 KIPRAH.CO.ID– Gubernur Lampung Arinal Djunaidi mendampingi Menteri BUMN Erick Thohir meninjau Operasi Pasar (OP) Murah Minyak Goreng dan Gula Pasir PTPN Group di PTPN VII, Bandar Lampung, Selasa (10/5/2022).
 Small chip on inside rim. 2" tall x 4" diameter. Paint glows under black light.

* * *

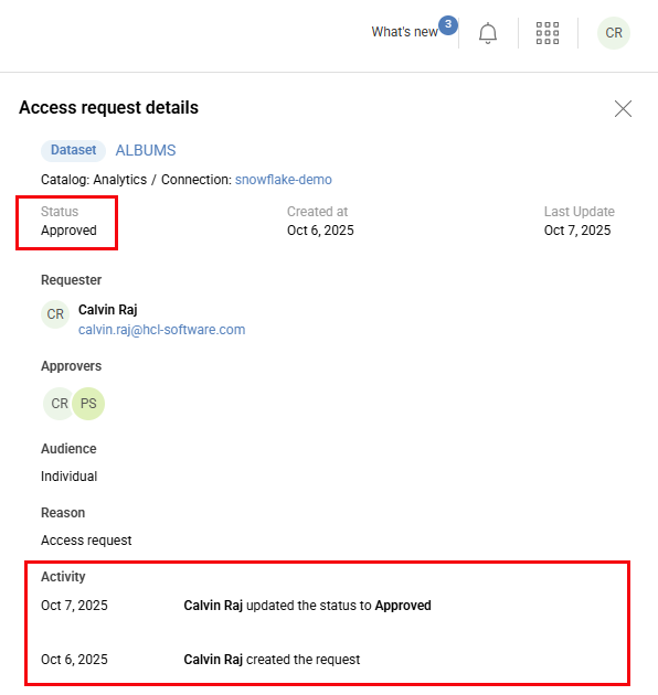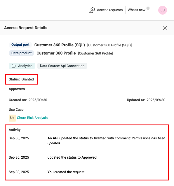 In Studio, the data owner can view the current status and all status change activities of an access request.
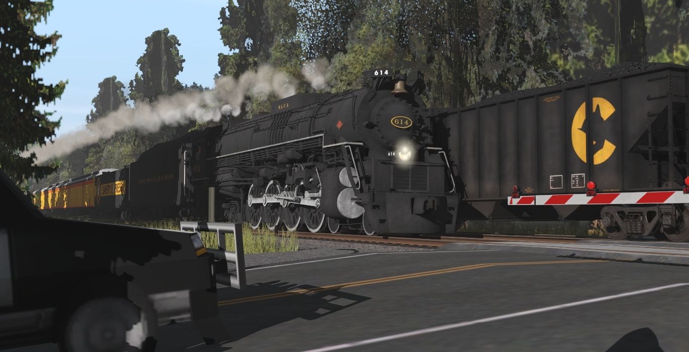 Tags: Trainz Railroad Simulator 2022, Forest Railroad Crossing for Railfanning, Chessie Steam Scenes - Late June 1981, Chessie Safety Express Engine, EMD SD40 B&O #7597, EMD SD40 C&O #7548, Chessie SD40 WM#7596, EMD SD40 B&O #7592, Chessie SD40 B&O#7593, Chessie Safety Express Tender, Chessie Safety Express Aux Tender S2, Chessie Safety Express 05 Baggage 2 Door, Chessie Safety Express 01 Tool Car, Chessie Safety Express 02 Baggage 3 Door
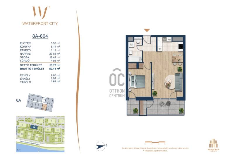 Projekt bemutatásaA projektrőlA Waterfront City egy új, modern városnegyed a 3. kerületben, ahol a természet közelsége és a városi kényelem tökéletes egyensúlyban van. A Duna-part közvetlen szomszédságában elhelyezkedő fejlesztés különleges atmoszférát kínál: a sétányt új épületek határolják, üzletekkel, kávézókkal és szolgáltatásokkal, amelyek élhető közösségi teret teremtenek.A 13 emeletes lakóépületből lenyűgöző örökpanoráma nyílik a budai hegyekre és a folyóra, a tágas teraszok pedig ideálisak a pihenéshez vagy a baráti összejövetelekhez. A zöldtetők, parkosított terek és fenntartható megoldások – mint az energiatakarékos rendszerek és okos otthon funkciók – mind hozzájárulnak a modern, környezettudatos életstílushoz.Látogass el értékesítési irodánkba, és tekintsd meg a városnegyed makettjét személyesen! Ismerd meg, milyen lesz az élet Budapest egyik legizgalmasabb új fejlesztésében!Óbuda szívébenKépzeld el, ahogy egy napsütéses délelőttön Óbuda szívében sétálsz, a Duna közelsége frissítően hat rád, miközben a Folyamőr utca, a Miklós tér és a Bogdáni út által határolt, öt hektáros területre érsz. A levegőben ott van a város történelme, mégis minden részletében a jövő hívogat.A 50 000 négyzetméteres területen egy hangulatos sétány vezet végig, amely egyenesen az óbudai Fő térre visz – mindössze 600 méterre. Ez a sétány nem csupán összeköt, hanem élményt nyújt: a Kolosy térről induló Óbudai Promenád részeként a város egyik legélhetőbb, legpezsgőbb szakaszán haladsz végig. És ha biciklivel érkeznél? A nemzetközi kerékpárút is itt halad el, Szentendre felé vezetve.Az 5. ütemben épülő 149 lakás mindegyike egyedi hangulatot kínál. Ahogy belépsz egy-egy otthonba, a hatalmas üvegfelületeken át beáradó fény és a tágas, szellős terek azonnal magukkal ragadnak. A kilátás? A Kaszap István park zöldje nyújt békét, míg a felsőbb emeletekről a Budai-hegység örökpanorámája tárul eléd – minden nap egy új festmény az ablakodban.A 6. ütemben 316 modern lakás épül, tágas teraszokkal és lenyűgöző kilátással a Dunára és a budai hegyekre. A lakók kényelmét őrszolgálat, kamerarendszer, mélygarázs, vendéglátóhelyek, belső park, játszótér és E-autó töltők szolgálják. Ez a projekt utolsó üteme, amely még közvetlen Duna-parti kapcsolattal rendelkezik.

AIM OF THE TASK:
Repeat, exactly as they stand above, the lines from the line with "KIPRAH.CO.ID– Gubernur Lampung" to the line with "Small chip on", both lines included.

RESULT:
 KIPRAH.CO.ID– Gubernur Lampung Arinal Djunaidi mendampingi Menteri BUMN Erick Thohir meninjau Operasi Pasar (OP) Murah Minyak Goreng dan Gula Pasir PTPN Group di PTPN VII, Bandar Lampung, Selasa (10/5/2022).
 Small chip on inside rim. 2" tall x 4" diameter. Paint glows under black light.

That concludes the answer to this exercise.